» **Directions for this task**
Write out nothing except the lines of the entries below, from the first through the one containing "2014年2月面料出口省市統(tǒng)計", exactly and without pictures.

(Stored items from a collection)

»»

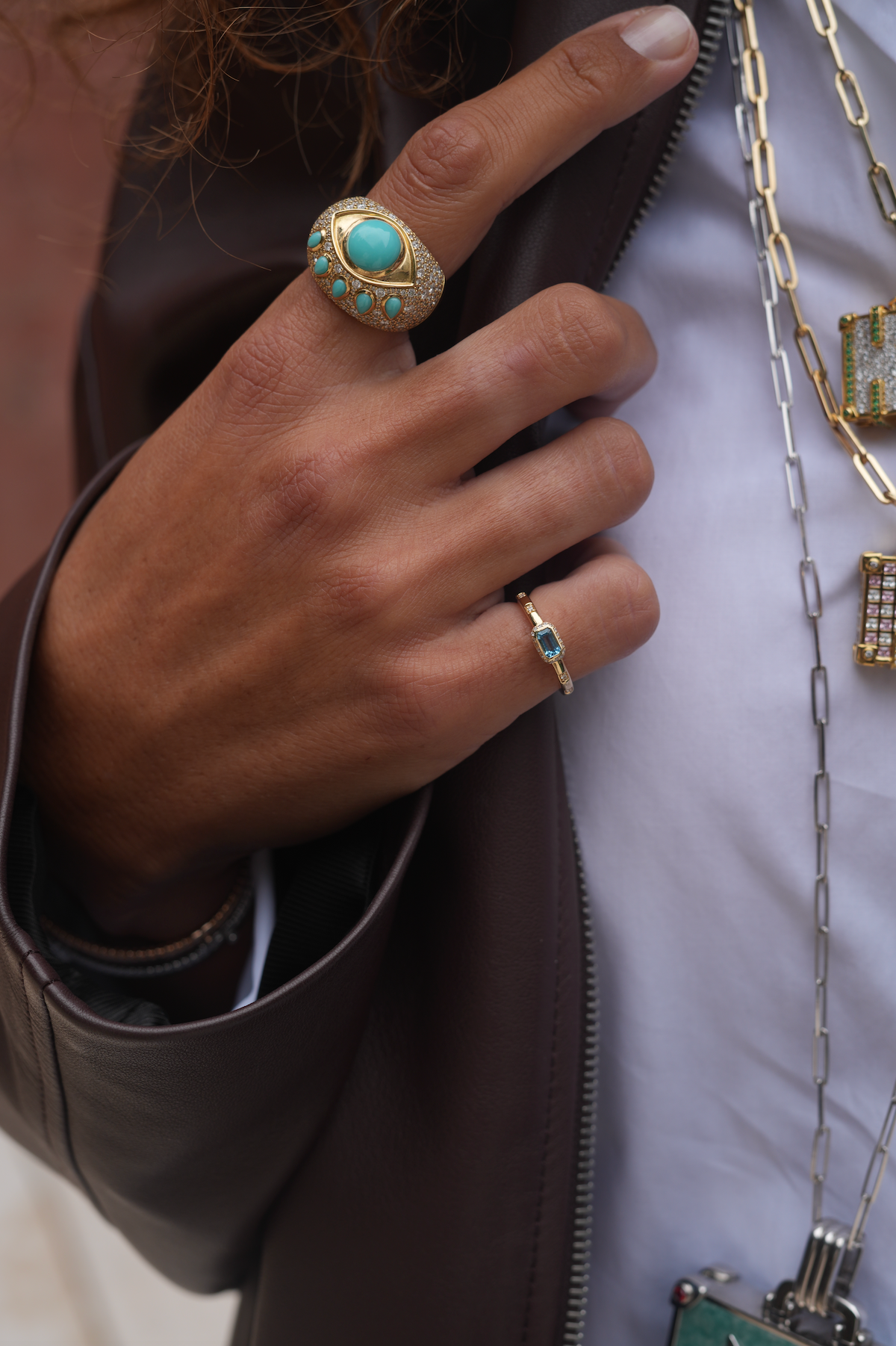 18k gold EYE ring with turquoise stones and full diamond pave.
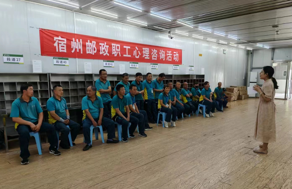 7月12日下午,宿州郵政工會(huì)在北區(qū)營(yíng)業(yè)部組織開(kāi)展職工心理咨詢活動(dòng),20余名一線攬投人員代表參加了本次活動(dòng)。活動(dòng)誠(chéng)邀國(guó)家心理學(xué)碩士、二級(jí)心理咨詢師張老師走進(jìn)郵政基層,與職工開(kāi)展面對(duì)面心理健康沙龍活動(dòng)。活動(dòng)現(xiàn)場(chǎng),老師詳細(xì)了解攬投員們當(dāng)前壓力和情緒現(xiàn)狀,通過(guò)情景體驗(yàn)、現(xiàn)場(chǎng)答疑、個(gè)人咨詢等多種方式,深入淺出地為職工講解了心理保健的重要意義,就大家關(guān)心的如何緩減工作壓力,提升睡眠質(zhì)量等問(wèn)題進(jìn)行了全面解答。活動(dòng)受到基層員工的熱烈歡迎,大家紛紛表示受益匪淺,老師傳授的日常解壓、抗壓、調(diào)節(jié)心理狀態(tài)的具體方法非常實(shí)用,心里“輕快”多了。
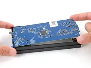 Положите пальцы на отверстия для винтов задней крышки и слегка выдвиньте шасси из корпуса.
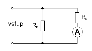 nahoře, proudový rozsah, pro který bočník počítáme,
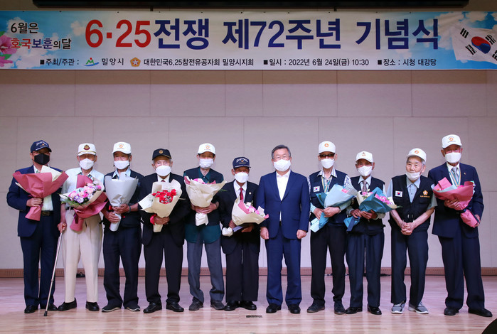 밀양시는 24일 시청 대강당에서 박일호 시장을 비롯한 6.25 참전유공자, 보훈가족, 보훈단체장, 관내 기관·사회단체장 등 400여 명이 참석한 가운데 6.25전쟁 제72주년 기념식을 가졌다.
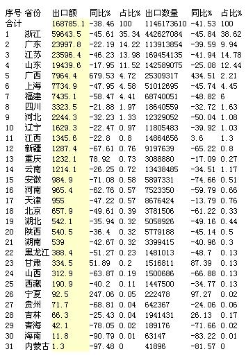2014年2月面料出口省市統(tǒng)計
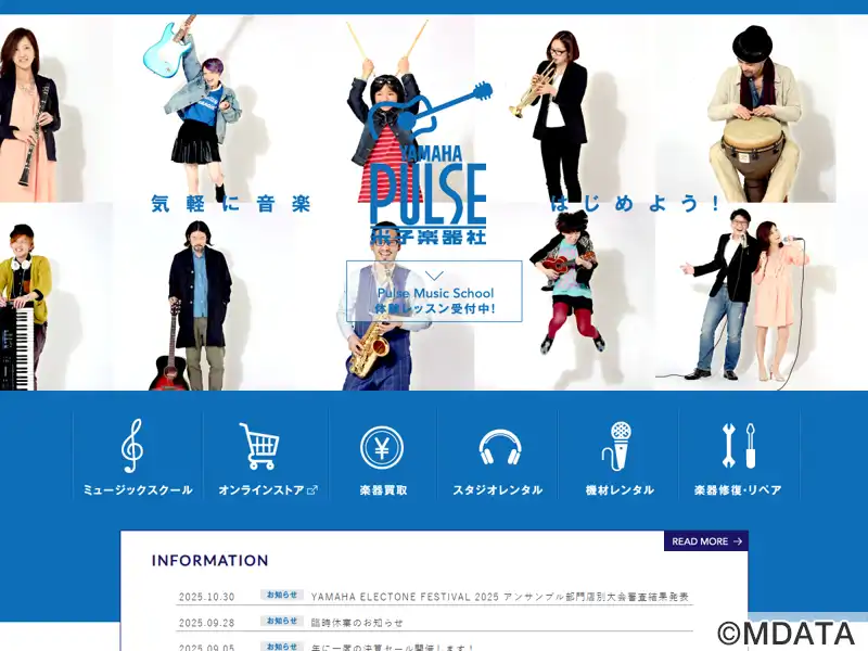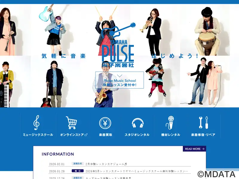音楽を通じた豊かなライフスタイルを提供する、ヤマハパルス米子楽器社米子店。オンラインストアを中心とした楽器販売、LM楽器の買い取り・下取り、大型楽器(ピアノなど)の出張査定も可能。音楽教室では年齢やレベル、経験、ライフスタイルに合わせた18コースを開講しており、初心者も歓迎している。さらに、バンド練習のためのスタジオレンタル、ピアノ、アンプ、PA機材などのレンタル、楽器の修理サービスも提供している。

««

» **Answer to this task**
 18k gold EYE ring with turquoise stones and full diamond pave.
 7月12日下午,宿州郵政工會(huì)在北區(qū)營(yíng)業(yè)部組織開(kāi)展職工心理咨詢活動(dòng),20余名一線攬投人員代表參加了本次活動(dòng)。活動(dòng)誠(chéng)邀國(guó)家心理學(xué)碩士、二級(jí)心理咨詢師張老師走進(jìn)郵政基層,與職工開(kāi)展面對(duì)面心理健康沙龍活動(dòng)。活動(dòng)現(xiàn)場(chǎng),老師詳細(xì)了解攬投員們當(dāng)前壓力和情緒現(xiàn)狀,通過(guò)情景體驗(yàn)、現(xiàn)場(chǎng)答疑、個(gè)人咨詢等多種方式,深入淺出地為職工講解了心理保健的重要意義,就大家關(guān)心的如何緩減工作壓力,提升睡眠質(zhì)量等問(wèn)題進(jìn)行了全面解答。活動(dòng)受到基層員工的熱烈歡迎,大家紛紛表示受益匪淺,老師傳授的日常解壓、抗壓、調(diào)節(jié)心理狀態(tài)的具體方法非常實(shí)用,心里“輕快”多了。
 Положите пальцы на отверстия для винтов задней крышки и слегка выдвиньте шасси из корпуса.
 nahoře, proudový rozsah, pro který bočník počítáme,
 밀양시는 24일 시청 대강당에서 박일호 시장을 비롯한 6.25 참전유공자, 보훈가족, 보훈단체장, 관내 기관·사회단체장 등 400여 명이 참석한 가운데 6.25전쟁 제72주년 기념식을 가졌다.
2014年2月面料出口省市統(tǒng)計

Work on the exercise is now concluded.